The Enterprise was captained by a test pilot named Peter Siebold, with almost thirty years of flying experience. His co-pilot, Michael Alsbury, had previously worked with eight different experimental aircraft. In some ways, the two men were quite different: while Siebold could strike co-workers as aloof, Alsbury was always friendly and known for his sense of humor. But strapped into their seats atop the rocket, they functioned as a unit, each of their lives dependent on the actions of the other.
Just before reaching the speed of sound, Alsbury unlocked the ship’s air-braking device. The brake was crucial for controlling the spaceship’s orientation and speed while dropping back to earth, but it wouldn’t be needed for another fourteen seconds, and Alsbury had unlocked it before he should have. The National Transportation Safety Board would later criticize the Scaled Composites unit of Northrop Grumman, which designed the vehicle for Virgin, because it did not guard against such human slipups by providing a fail-safe system to prevent premature unlocking.
Unlike Virgin Galactic, government-sponsored space initiatives call for “two-failure tolerance.” That means putting in place safeguards to protect against two separate and unrelated simultaneous problems—two human errors, two mechanical errors, or one of each. The Virgin team was confident that its extraordinarily well-trained test pilots wouldn’t make such mistakes, and eliminating safeguards had certain advantages. “We don’t have all the constraints a government organization like NASA would,” one team member told me. “So we can get things done a lot faster.”2 But on that Halloween morning, the lock disengagement was no harmless mistake.
With the lock off prematurely, the force of the atmosphere caused the brake to deploy early, even though Alsbury never threw the second switch to deploy it. As the brake swung into position, the still-firing rocket placed tremendous stress on the plane’s fuselage. Four seconds later, traveling at 920 miles per hour, the ship ripped apart. From the ground, it looked like a massive explosion.
Siebold, still attached to his ejection seat, was thrown from the plane. Traveling faster than sound, he was in an atmosphere where the temperature of the air around him was minus seventy degrees Fahrenheit, and there was just one-tenth the oxygen present at sea level.
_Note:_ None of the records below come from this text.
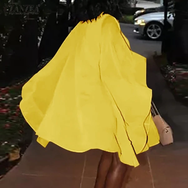 Элегантное женское асимметричное платье ZANZEA с длинным рукавом-фо...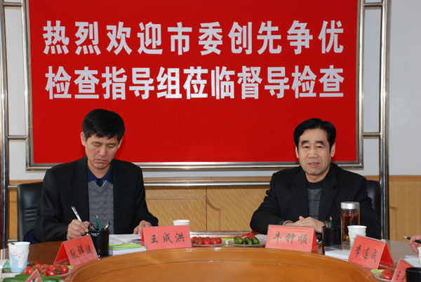 本站讯:4月1日,市委创先争优巡回检查指导二组一行5人,在组长、市纪委派驻第二纪检组副书记王成洪的带领下,来学校督导检查创先争优活动开展情况。学校党委副书记牛钟顺主持情况汇报会并强调指出,“三四一四三”的总体工作框架,是我校创先争优活动的最大着力点。检查组通过听取汇报、查看材料、抽查基层党组织,认为我校创先争优活动组织领导有力,在全市起到了打头阵、做标兵的作用。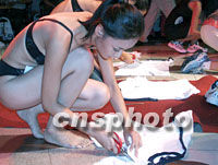 在青島舉行的戴安娜2001世界精英模特大賽中國預選賽暨金沙灘模特大賽,日前舉行參賽選手自行設計剪裁服裝比賽。圖為參賽選手全神貫注的進行創意剪裁。中新社記者 錢興強 攝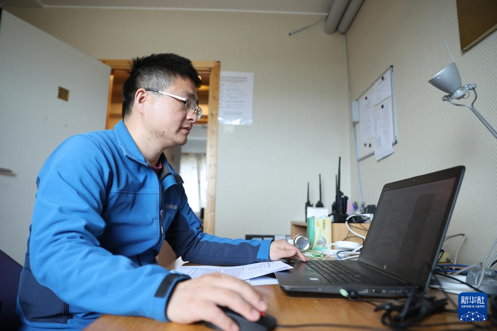 6月21日,在挪威新奥勒松,科考队员胡正毅在黄河站内工作。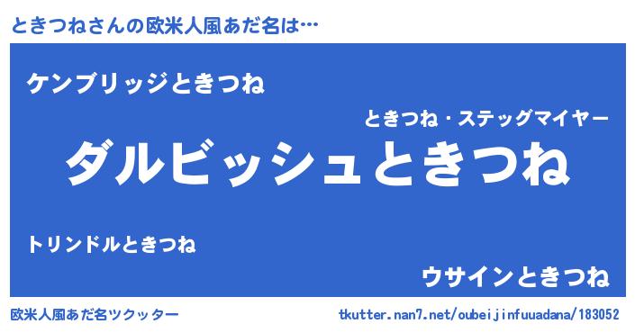 | 男性向けラノベタイトル風あだ名 | 『ときつねという概念が存在しない退屈な世界 』 |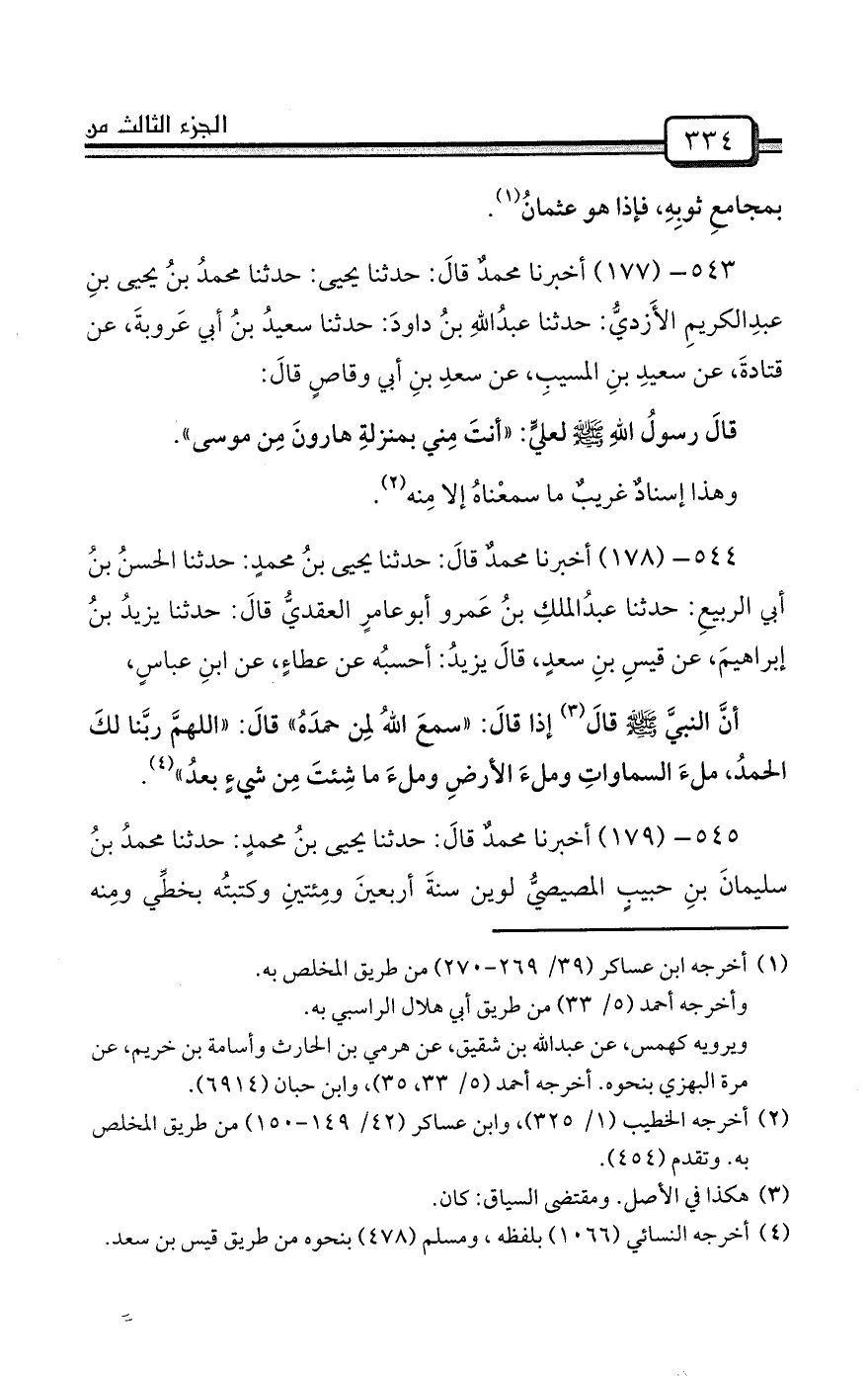 543- (177) أخبرنا محمدٌ قالَ: حدثنا يحيى: حدثنا محمدُ بنُ يحيى بنِ عبدِالكريمِ الأَزديُّ: حدثنا عبدُاللهِ بنُ داودَ: حدثنا سعيدُ بنُ أبي عَروبةَ، عن قتادةَ، عن سعيدِ بنِ المسيبِ، عن سعدِ بنِ أبي وقاصٍ قالَ: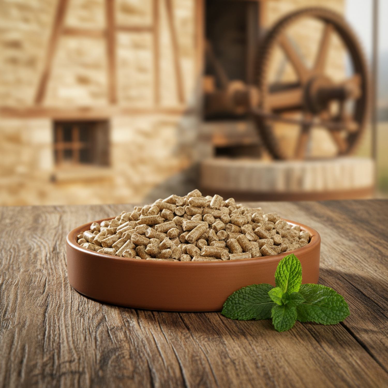 The basis of this feed is a selection of organically grown ingredients sourced from local organic farmers. This cooperation, which has grown over generations, not only ensures the outstanding quality of every grain but also the attention to detail and incomparable freshness that you receive with every bag.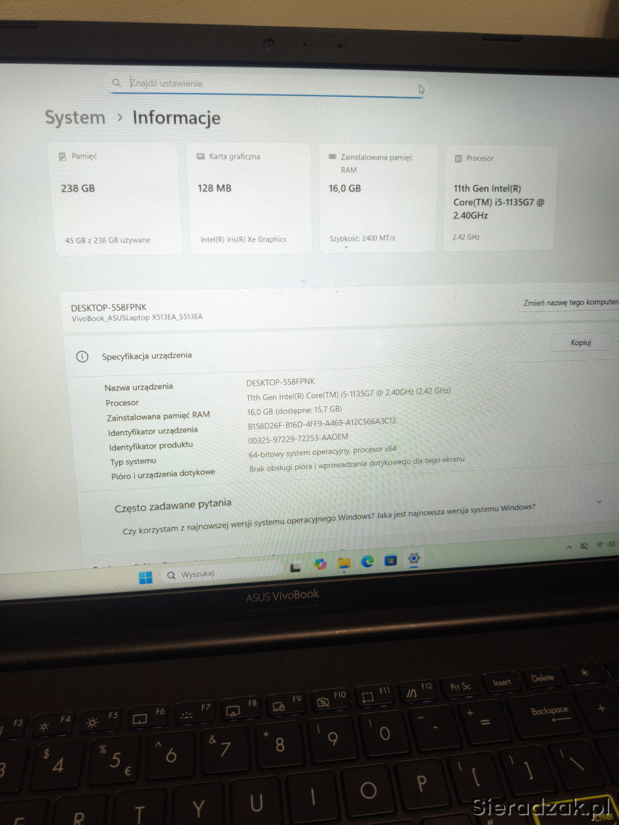 Na sprzedaż laptop premium Asus VivoBook 15, jest to świeży oraz szybki sprzęt ponieważ posiada procesor i5-11 generacji, 16GB Ram DDR4 oraz 256GB dysk SSD M2 Nvme.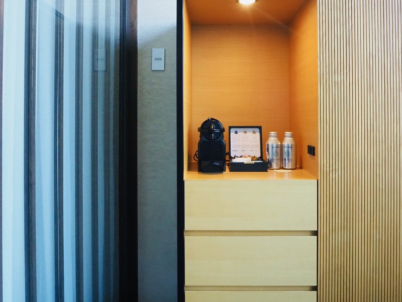 ミニバーなどの什器も箱根の木工芸をモチーフにささやかにリニューアルされています。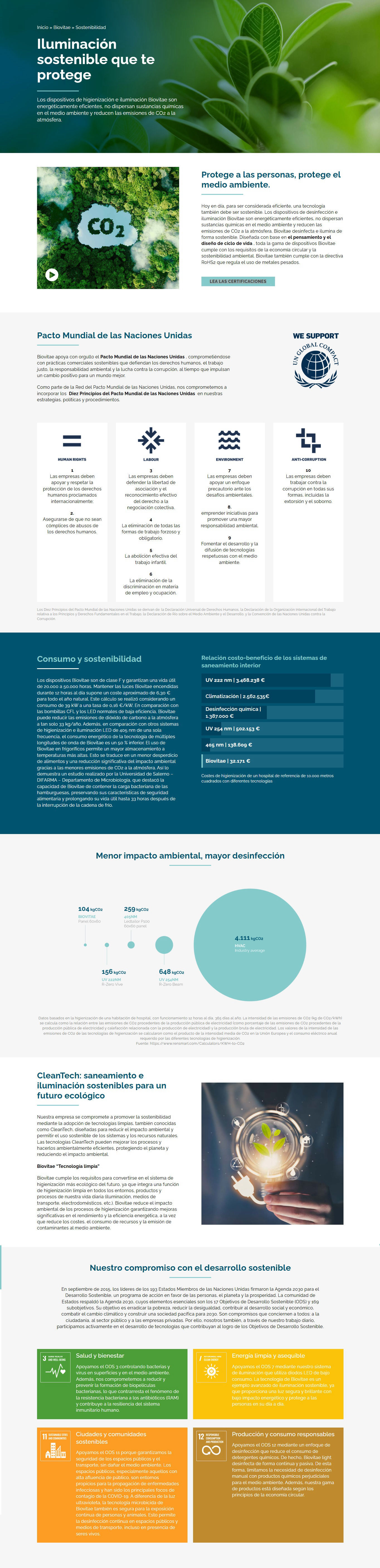 Hoy en día, para ser considerada eficiente, una tecnología también debe ser sostenible. Los dispositivos de desinfección e iluminación Biovitae son energéticamente eficientes, no dispersan sustancias químicas en el medio ambiente y reducen las emisiones de CO2 a la atmósfera.
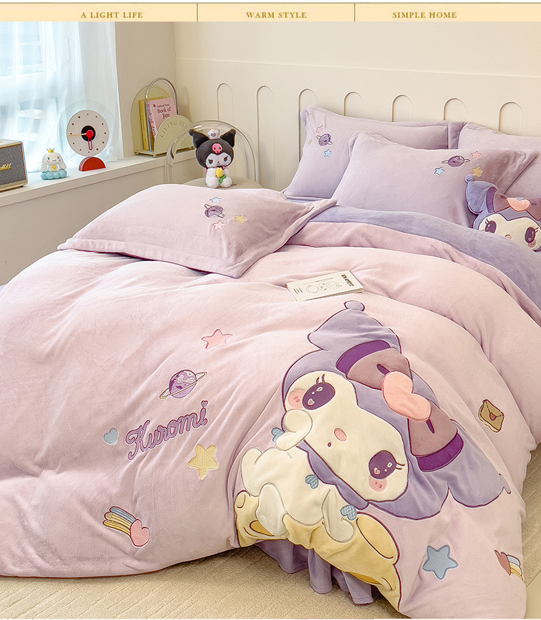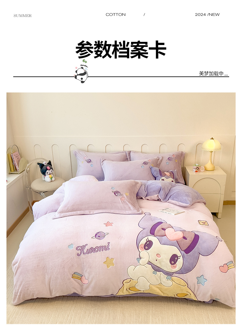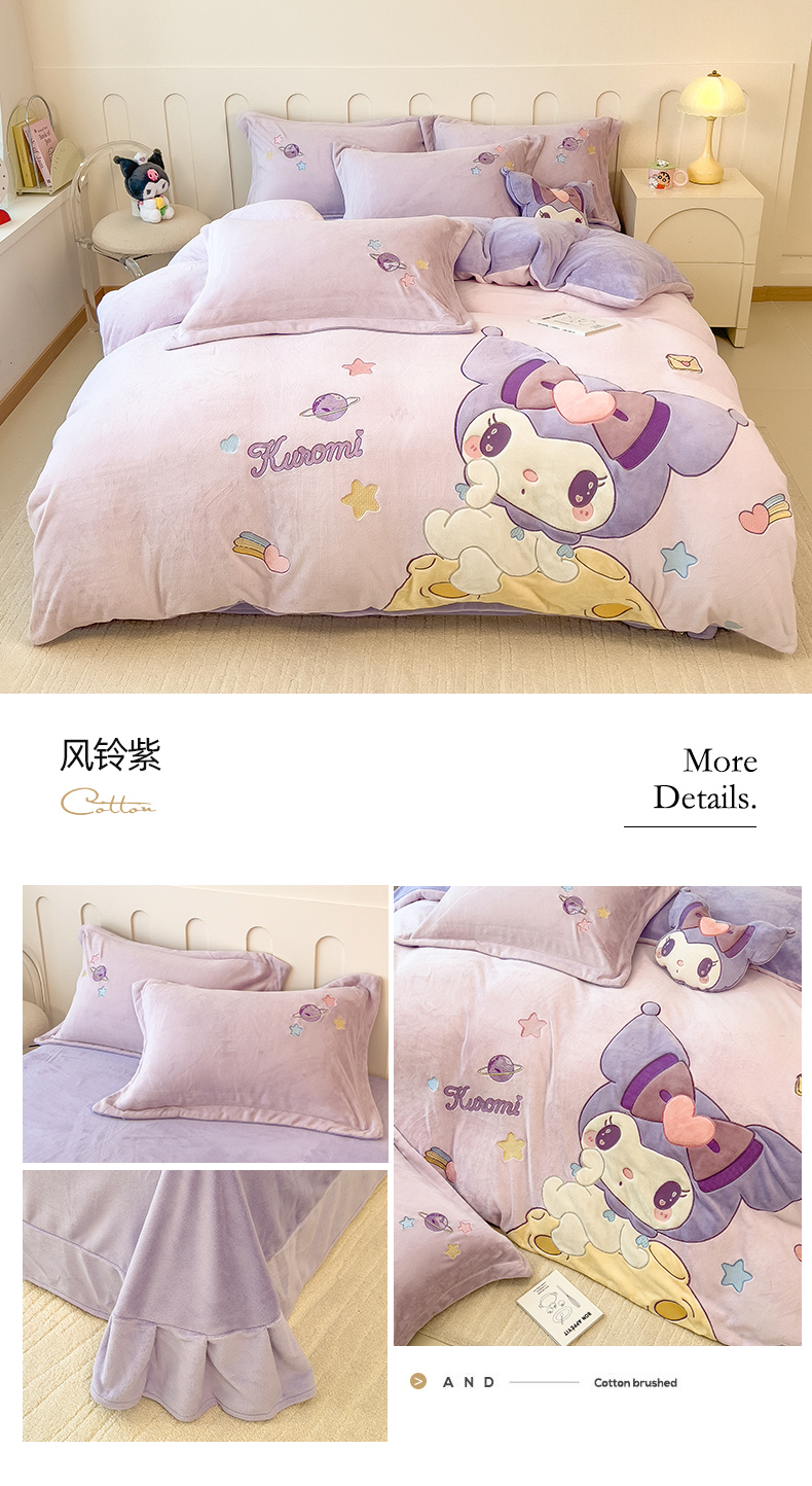 金绣美居 2025新款牛奶绒毛绒贴布绣花保暖四件套-星空女孩 风铃紫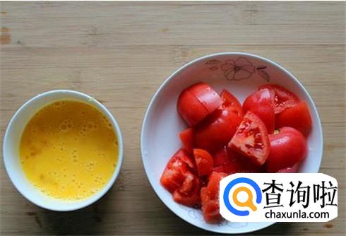 鸡蛋两个打散,西红柿去皮之后切成小块,青椒切丝,不喜欢吃青椒的不用放。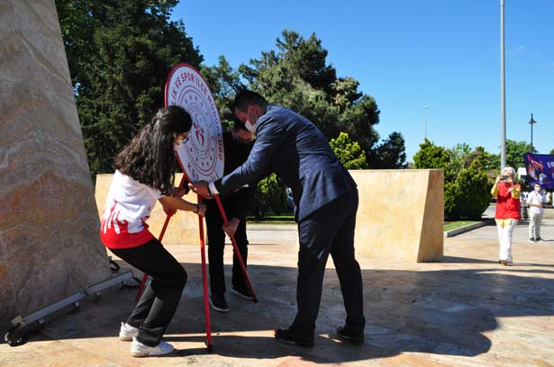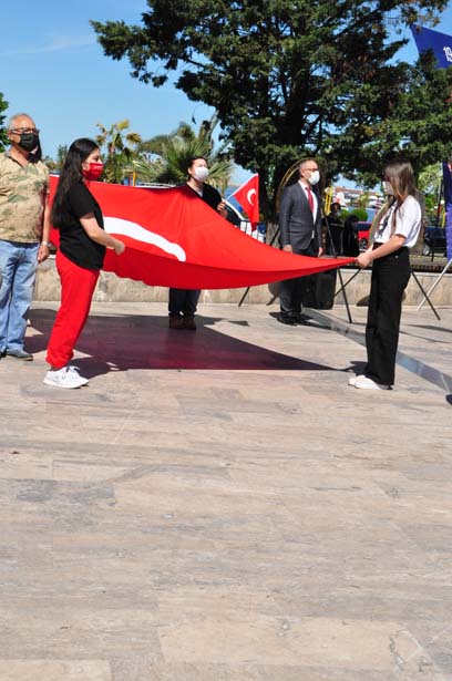Kademeli Normalleşme döneminde Koronavirüs tedbirleri alınarak düzenlenen törende öncelikle Gençlik Hizmetleri ve Spor İlçe Müdürü Serkan Keleş ve öğrenciler tarafından Atatürk Anıtı’na çelenk sunuldu.

Still, he somehow managed to unbuckle himself, after which his parachute automatically opened. Upon rescue, he had no memory of the experience. Alsbury wasn’t so lucky. He died instantly when the plane broke apart.
Emotions and Thought
The long string of well-rehearsed procedures called for when a pilot tests a new plane are normally executed so smoothly that it’s easy to think of them as rote and mechanical. But that view is profoundly misguided. When the Enterprise was dropped from its mother ship and started to fire its ferocious rocket engine—as planned—the physical circumstance of its pilots was suddenly disrupted. It’s hard to imagine what that felt like, but a rocket is really a controlled exploding bomb, and a controlled explosion is still an explosion. It’s a terribly violent event, and the Enterprise was relatively flimsy—a mere twenty thousand pounds, loaded, as compared with the space shuttle’s four million. And so the ride is much different. If flying in the space shuttle is like racing down the highway in a Cadillac, piloting the Enterprise was like driving 150 miles per hour in a go-kart. The souped-up rocket’s firing subjected the Enterprise pilots to a colossal roar, savage shaking and vibration, and fierce stresses of acceleration.
Why did Alsbury throw the switch when he did? The flight was proceeding as planned, so it’s not likely he was panicking. We can’t know what his reasoning was, nor perhaps did he. But in the anxious state that comes from a highly stressful physical environment, we process data in a manner that is hard to predict from practice runs in flight simulators. This was more or less the conclusion of the National Transportation Safety Board about the events on the Enterprise. Speculating that Alsbury, lacking recent flight experience, might have been unusually stressed, the NTSB posited that he committed the misjudgment due to the anxiety caused by time pressure and the ship’s strong vibration and forces of acceleration, which he hadn’t experienced since his last test flight eighteen months earlier.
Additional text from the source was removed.